As emoções são processos psicobiológicos dinâmicos que envolvem mudanças coordenadas nos sistemas fisiológico, comportamental, experiencial e cognitivo, desencadeadas por estímulos que representam relevância ou valor.

As emoções são processos psicobiológicos dinâmicos que envolvem mudanças coordenadas nos sistemas fisiológico, comportamental, experiencial e cognitivo, desencadeadas por estímulos internos ou externos que representam relevância ou valor. Embora frequentemente apresentem início rápido e duração relativamente breve, as emoções podem variar em intensidade e temporalidade. Em geral, são dirigidas a um objeto ou evento específico e exercem função adaptativa ao preparar o organismo para a ação. Por exemplo, sentir medo diante de uma ameaça mobiliza respostas autonômicas e comportamentais imediatas que aumentam as chances de proteção.

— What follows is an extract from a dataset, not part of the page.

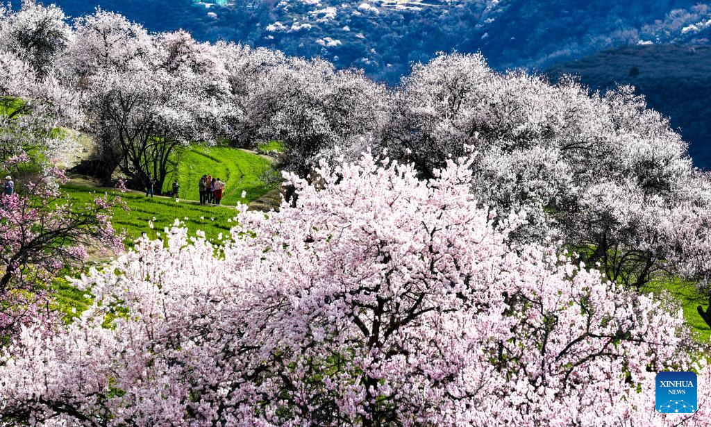 Tourists have fun among peach blossoms in Suosong Village in Nyingchi, southwest China's Tibet Autonomous Region, April 5, 2023. (Xinhua/Jiang Fan)

É importante distingui-las de sentimentos e estados de humor. Os sentimentos correspondem à experiência subjetiva e consciente da emoção, isto é, à forma como a pessoa percebe e interpreta suas alterações corporais e o significado atribuído à situação. Assim, após a perda de uma pessoa querida, a emoção de tristeza pode se manifestar por choro, aperto no peito, dificuldade de dormir e retraimento; o sentimento seria a consciência dessa experiência mais completa e mais duradoura.

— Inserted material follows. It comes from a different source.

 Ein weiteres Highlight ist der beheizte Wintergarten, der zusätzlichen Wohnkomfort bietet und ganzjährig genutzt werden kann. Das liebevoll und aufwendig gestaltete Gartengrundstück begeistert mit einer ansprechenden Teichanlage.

Já os estados de humor são estados afetivos ainda mais duradouros, difusos e menos direcionados a um objeto específico. Diferentemente da emoção de tristeza circunstancial após um evento concreto, o humor deprimido, por exemplo, caracteriza-se por uma tonalidade afetiva persistente, que pode durar semanas ou meses, nem sempre vinculada a um gatilho claramente identificável (como ocorre nos quadros depressivos).

Do ponto de vista teórico, muitos modelos descrevem a emoção como composta por componentes inter-relacionados: (1) respostas neurofisiológicas e autonômicas, (2) tendências à ação e expressões comportamentais, e (3) processos cognitivos de avaliação e significação. Na neurociência afetiva, essas dimensões envolvem a interação entre estruturas como amígdala, ínsula, córtex cingulado anterior e regiões pré-frontais, refletindo a integração entre processos bottom-up e top-down.

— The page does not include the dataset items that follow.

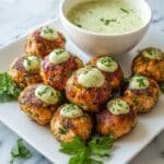 Crispy Salmon Bites with a creamy avocado sauce make a delicious and healthy appetizer or snack. These salmon meatballs are seasoned with garlic, paprika, and fresh parsley, baked to perfection, and served with a tangy avocado and sour cream dip.
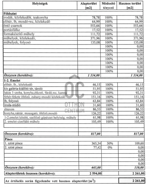 Pince 200 m2, földszint 1100 m2, I. emelet 1100 m2, II. emelet 100 m2.
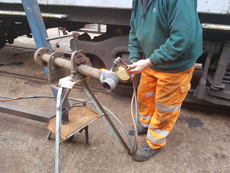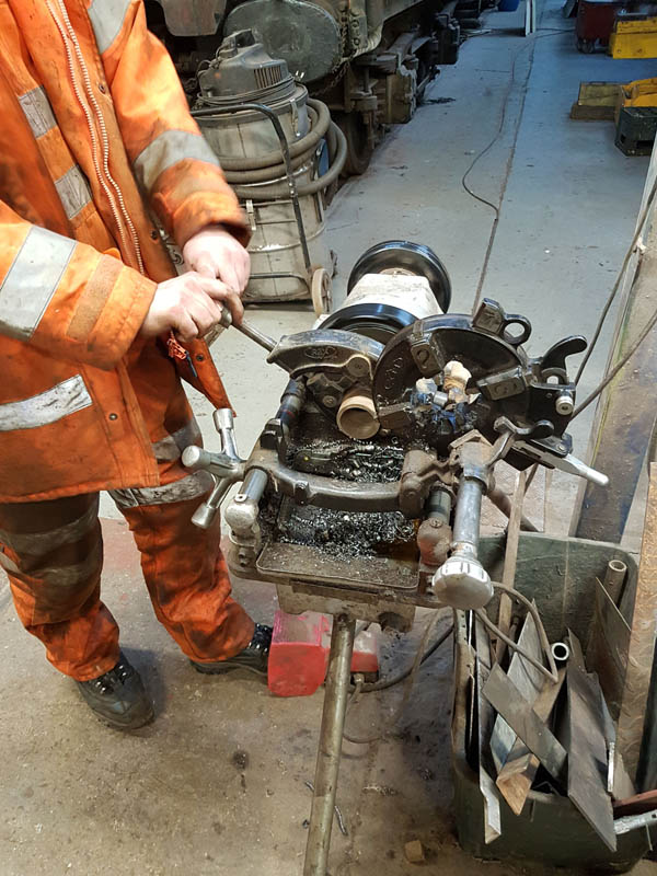 The electric pipe threader made light work or altering the pipes and by the end of Saturday we had managed to effect a brake application on the North end of the coach.

As emoções também podem ser descritas em termos de valência (positiva ou negativa) e nível de ativação (arousal). Além disso, alguns modelos distinguem emoções consideradas “básicas” — como medo, raiva, tristeza, alegria, nojo e surpresa, frequentemente associadas a padrões relativamente universais de expressão e função adaptativa — de emoções mais complexas ou autoconscientes, como culpa, vergonha e orgulho, que dependem de maior elaboração cognitiva e de processos sociais e culturais.

Modelo Circumplexo

O modelo circumplexo apresenta as emoções a partir de um espectro contínuo circular organizado pela valência (positiva ou negativa) e pelo nível de arousal (ativação neurofisiológica): de mais calmo ou relaxado a muito excitado ou ativado.

Modelo circumplexo da emoção, organizado por valência e nível de ativação (arousal)
Modelo circumplexo da emoção (Gazzaniga, 2017).

As três teorias clássicas da emoção

Teoria de James-Lange

Propõe que a emoção resulta da percepção das alterações corporais desencadeadas por um estímulo. Ou seja, não choramos porque estamos tristes; sentimos tristeza porque percebemos que estamos chorando e que nosso corpo mudou. Segundo essa perspectiva, as respostas fisiológicas e expressivas precedem a experiência emocional consciente, e a emoção corresponde à interpretação dessas mudanças somáticas. Uma implicação derivada dessa ideia é que a modulação da expressão corporal, como na hipótese do feedback facial, pode influenciar a experiência emocional.

Teoria de Cannon-Bard

Surge como crítica a essa posição. Cannon argumentou que as respostas corporais são relativamente inespecíficas e lentas para explicar a diversidade das emoções, além de que diferentes emoções podem compartilhar padrões fisiológicos semelhantes. Ele propôs que, diante de um estímulo emocional, o tálamo (na formulação original) enviaria simultaneamente sinais ao córtex (produzindo a experiência subjetiva da emoção) e ao sistema nervoso autônomo (produzindo as respostas fisiológicas). Assim, emoção e ativação corporal ocorreriam de forma paralela, e não em sequência causal.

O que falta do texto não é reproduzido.